When someone asks ChatGPT or Google's AI for "a slim leather wallet that still holds cash" or "a tinted brow gel for sparse brows," the engine does two jobs with your photos. It works out what the product is, which is recognition. Then it decides whether it fits the request, which is intent matching.

Five shots cover both jobs:

  • A clean hero on a plain background. The recognition shot.

  • Multiple angles. Front, back, side, the parts that matter for the category.

  • A material close-up. What is this actually made of.

  • A scale cue. How big is it, on a body or in a hand.

  • A lifestyle shot. The product in use, which is how an engine reads feel.

One front photo answers one of those questions. A full set answers all five. I wrote the long version of why each shot matters separately, so here I just used it as a scorecard.

The rule I set for myself: no partial credit for "they probably have it somewhere." If the shot isn't on the product page, the agent doesn't see it, so it doesn't count.

The report card

Here's how the five landed, each on one flagship product, graded on the page as it stood the day I looked:

  • Allbirds, Wool Runner: A. The full set, including the shots most brands skip.

  • Buck Mason, Pima Classic Tee: A. Clean hero, on-model, and the fabric proof that earns the price.

  • Bellroy, Note Sleeve: A+. Nine images and a video. The most complete of anyone.

  • Glossier, Boy Brow: C. Lots of beautiful faces. Thin on product evidence.

  • Mejuri, Dôme Ring: C. A gorgeous hero and a smart on-hand shot, but no product angle or detail macro.

Three As and two Cs. Now look at which brands are which. The three with full sets sell shoes, tees, and wallets. The two with gaps sell makeup and jewelry. Hold that thought, because it turned out to be the whole story.

The three an agent can see clearly

Allbirds nails the boring shots. The Wool Runner page has the side profile, the heel, a top-down, and the sole. Then it does the two things most brands never bother with: a macro of the merino knit so tight you can count the fibers, and a shot of someone sitting and walking in them. That last one pulls double duty as both lifestyle and scale. Every question an engine could ask about a shoe is already answered in the gallery.

Allbirds Wool Runner product page showing a full gallery with side profile, heel, top-down, sole, a close-up of the wool knit, and a lifestyle shot of the shoes worn
Allbirds' Wool Runner gallery: side, heel, top, and sole, then a macro of the wool and an on-foot shot. The full set, with nothing left to guess.

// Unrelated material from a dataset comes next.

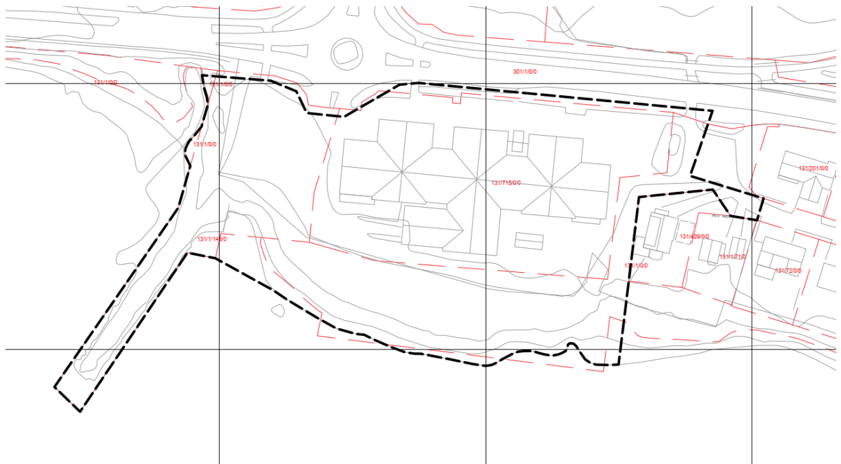
Figur 1 Planområdet

Planområdet ligger i Nesnaveien 63, og inkluderer de nærmeste omgivelsene på sørsiden av fylkesvei 810.

Buck Mason proves the fabric. The Pima tee has a clean flat hero, an on-model front, a side, a back, and a close-up of the cotton itself. For a $48 white tee, where the entire pitch is "this fabric is better than the $12 one," that material shot is the one doing the selling. An engine reading "premium long-staple supima cotton" gets to see the proof, not just take the words for it.

Buck Mason Pima Classic Tee product page showing a clean flat-lay hero of the white tee with color, fit, and fabric details
Buck Mason's Pima tee: a clean hero, and the gallery keeps going with on-model, a fabric close-up, a side, and a back.

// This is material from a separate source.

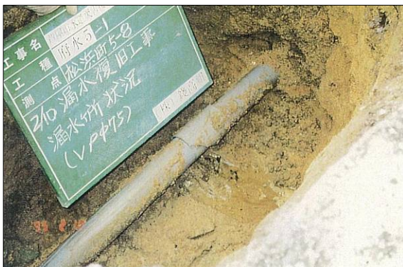
a) φ75 硬質塩化ビニル管 破損

Bellroy over-delivers. The Note Sleeve has nine images and a video. Closed on white. Opened with cards and cash tucked in. Slim in a jacket pocket. Held in a hand. They are answering the one question every wallet shopper actually has, which is "how much does it really hold, and is it still slim when full," before anyone has to ask it. That is intent matching done entirely in pictures.

Four images from Bellroy's Note Sleeve gallery: the closed wallet, opened with cards and cash, a slim card pull, and the full capacity laid out
Four of Bellroy's nine Note Sleeve images: closed, open with cards and cash, the slim card pull, and the full capacity laid out.

The thread connecting all three: none of these are the prettiest single photo on the internet. They're the most complete sets. The brands treat the gallery like a checklist, not a billboard.

The two that would get skipped

This is where it stings, because both brands make genuinely beautiful images. The problem isn't quality. It's coverage.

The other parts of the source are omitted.